Depuis la première pluie enregistrée vendredi 4 juin, les bassins de rétention dégagent des odeurs nauséabondes. Un risque pour les personnes asthmatiques et les âmes sensibles aux odeurs.

Dans les quartiers où se trouvent les bassins de rétentions tels que Walia Gardolet, Walia Barrière non loin de 3AS, Walia Gosso vers le petit marché, Habena derrière le Lycée, Santana, Amtoukoïe, Rue Chari Mongo, Klemat vers la place de Nation, Parc de Moussoro et Goudji Barrière, les eaux de pluie se sont accumulées, en plus des plastiques, bouteilles d'eau et saletés qui flottent à l'air libre.

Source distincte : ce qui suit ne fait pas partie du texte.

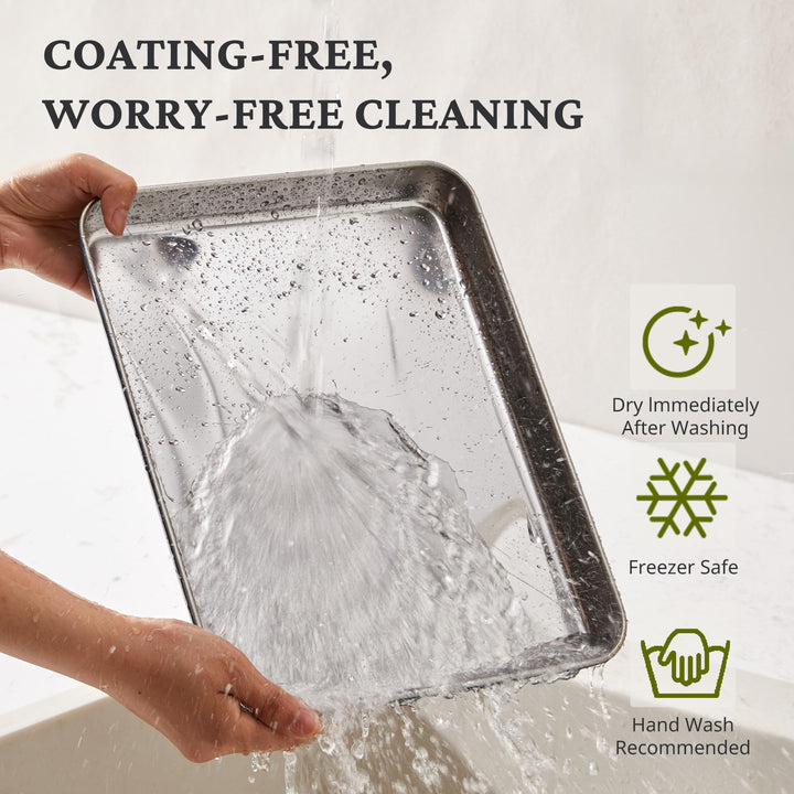 Uncoated Stainless Steel for Easy Cleaning: Our natural stainless steel baking sheets surface is uncoated, and will never peel. The mirror finish ensures easy food release, and rounded corners prevent residue buildup. Hand wash with warm soapy water before first use and after each use. Use nylon, wood, or silicone utensils; avoid metal or steel wool, as they may scratch the surface but won’t affect baking performance.

Ces bassins sont considérés comme des latrines publiques pour ceux qui défèquent à l'air libre. Que l’on soit à pied, à moto ou en véhicule, l’odeur est frappante, donnant parfois l'envie de vomir.

Quelle stratégie faut-il adopter pour assainir la ville ?

Le directeur de l’assainissement au ministère de l’Hydraulique urbaine et rurale, Douguengar Masra Arsène, explique que la question de l'assainissement relève tout d'abord de la mentalité et du comportement.

"Pour avoir un environnement sain, il faut que la population ait conscience du danger que représente le manque d’assainissement. La population doit connaitre ses devoirs de citoyen et les appliquer, sinon on parlera toujours de l’assainissement et ça sera difficile de changer", indique Douguengar Masra Arsène.

Économiquement, l’État perd des milliards chaque année à cause du manque d’hygiène et d'assainissement. Selon le directeur de l’assainissement, pour assainir une ville, on a besoin de la volonté et de l’engagement. Tant que la population n’est pas engagée, tant que l’État et ses partenaires n’ont pas la volonté, l’insalubrité existera toujours. 

Douguengar Masra Arsène conseille aux populations de déposer les ordures ménagères dans un bac à ordures ou dans les bacs des communes, de bruler les ordures et de s'organiser en association de bon voisinage pour assainir l'environnement.

Aux autorités communales, il est recommandé de collecter les ordures ménagères dans les bacs, de les traiter en dehors de la ville, de traiter les eaux dans les bassins de rétention et d'amender les récalcitrants qui ne se conformeront pas à l’assainissement. "C’est ensemble dans une seule vision que nous pouvons assainir notre environnement et changer notre cité", assure Douguengar Masra Arsène.

L’assainissement est une question très sensible. Le gouvernement doit mettre le paquet pour faire face à ce problème. Selon une étude documentaire faite par le programme eau et assainissement (WPS), le Tchad perd 79 milliards de FCFA chaque année dû au manque d'assainissement. Cette somme est équivalente à 8250 FCFA soit 15$ par personne au Tchad et par an, ce qui représente 2,1% du Produit Intérieur Brut (PIB).

Éviter la défécation à l'air libre

En pleine saison des pluies, la population doit éviter la défécation à l'air libre. Cet acte d'incivisme ternit l'image de la capitale. La mairie doit se mobiliser pour mettre de l’hygiène dans ces endroits en désinfectant, tandis que les autorités doivent réfléchir au vote d'une loi pour sanctionner les récalcitrants et barrer la route à l'incivisme caractérisé.

Pauvre ou riche, employés, fonctionnaires, débrouillards, chacun doit prend conscience du danger lié au manque d’assainissement et à la perte économique. Car cette pratique a une répercussion négative sur tout le monde sans distinction.